Probe selection for unsupervised clustering

One hundred and seventy-four genes (190 probes), preferentially expressed in ALK-positive and triple-negative adenocarcinomas, were selected by the following criteria; probes whose expression levels were less than 1,000 in any adenocarcinomas with EGFR or KRAS mutations, and probes whose averaged expression levels in ALK-positive and triple-negative adenocarcinomas were more than 1.5-fold higher than those in EGFR-positive and KRAS-positive adenocarcinomas with P values less than 0.05 by t test. Expression levels for these 190 probes were log-transformed and median-centered, both for probes and samples, and were subjected to an unsupervised hierarchical clustering.
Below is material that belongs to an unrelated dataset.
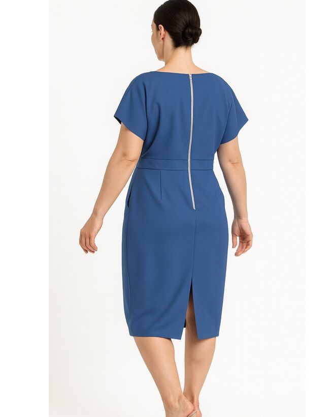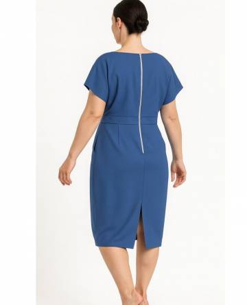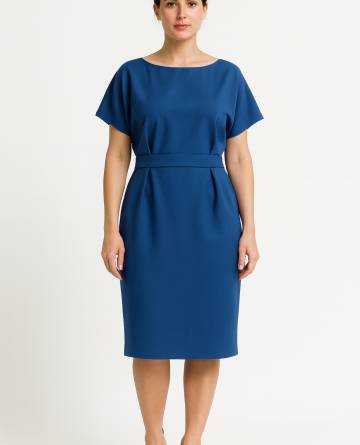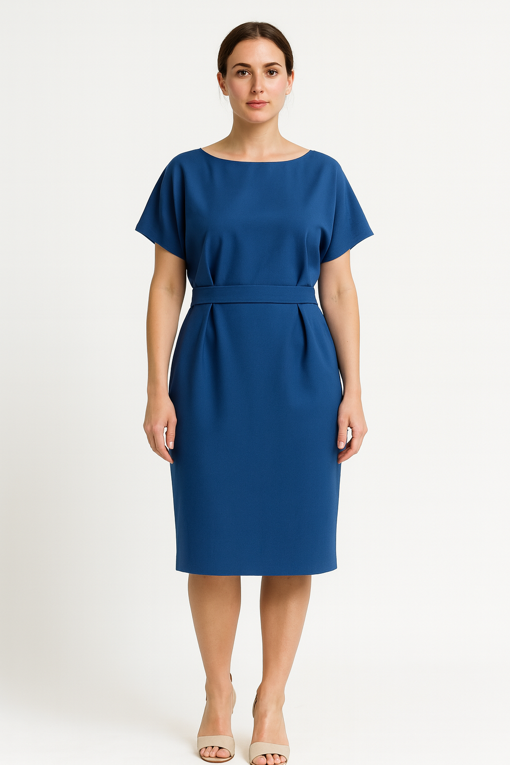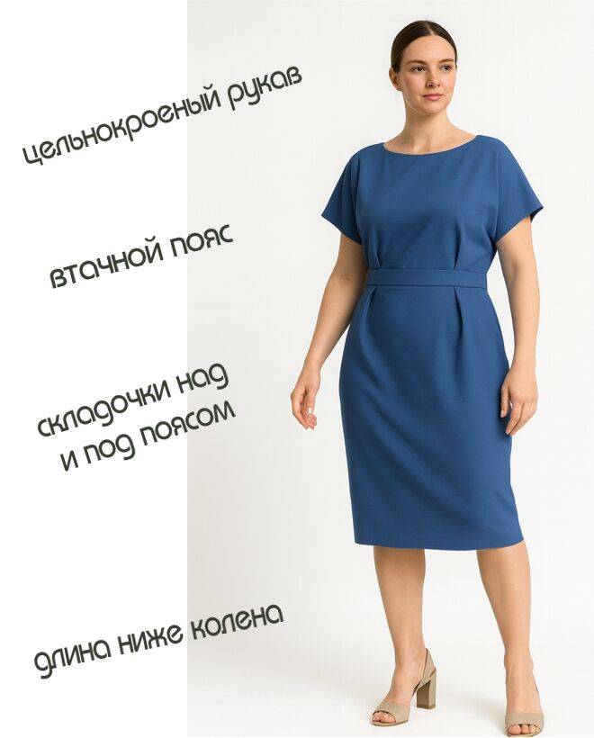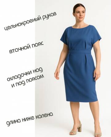 Элегантное платье полуприлегающего силуэта, которое искусно подчеркивает фигуру. Цельнокроеный рукав обеспечивает комфорт и создает мягкую линию плеча, а втачной пояс акцентирует талию. Мягкие складочки над и под поясом придают свободу в области живота и бедер, создавая женственный силуэт.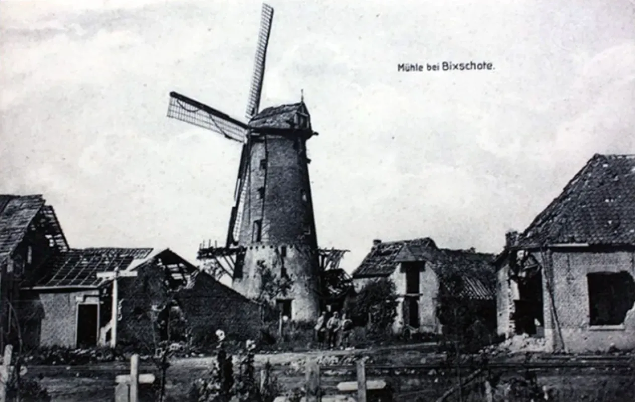 Duitse prentkaart met als gedrukt opschrift Mühle bei Bixschote (coll. Norbert Raes, Heule)

The clustering was done by the centroid linkage method using the Cluster 3.0 program, and the results were visualized using the Java Treeview program (22).

Mutation analyses

Genomic DNAs from all 226 lung adenocarcinomas were analyzed for EGFR and KRAS mutations by the high-resolution melting method as described (23, 24). Total RNAs from the 226 adenocarcinomas were examined for expression of fusion transcripts between ALK and EML4 or KIF5 using a multiplex reverse transcription PCR (RT-PCR) method (25).

Statistics

Cumulative survival was estimated by the Kaplan–Meier method, and differences in the survivals between 2 groups were analyzed by log-rank test. Influences of variables on relapse-free survival (RFS) and overall survival (OS) were evaluated by uni- and multivariate analyses of the Cox proportional hazard model. For all analyses, smoking status was polarized as never-smokers (0 pack years) and ever-smokers (>0 pack years). Pathologic TNM staging was categorized as stage I versus stage II. For multivariate analysis, all variables were included that were moderately associated (P < 0.1) with RFS or OS in any of the analyses.

Bioinformatics

Associations of gene expression levels with prognosis of NSCLC patients in 7 other expression profile studies were obtained from the PrognoScan database (26). In the PrognoScan database, association of gene expression with survival of patients was evaluated by the minimum P value approach. Briefly, patients were first arranged by expression levels of a given gene. They were then divided into high- and low-expression groups at all possible cutoff points, and the risk differences of any 2 groups were estimated by the log-rank test. Finally, the cutoff point that gave the most pronounced P value was selected.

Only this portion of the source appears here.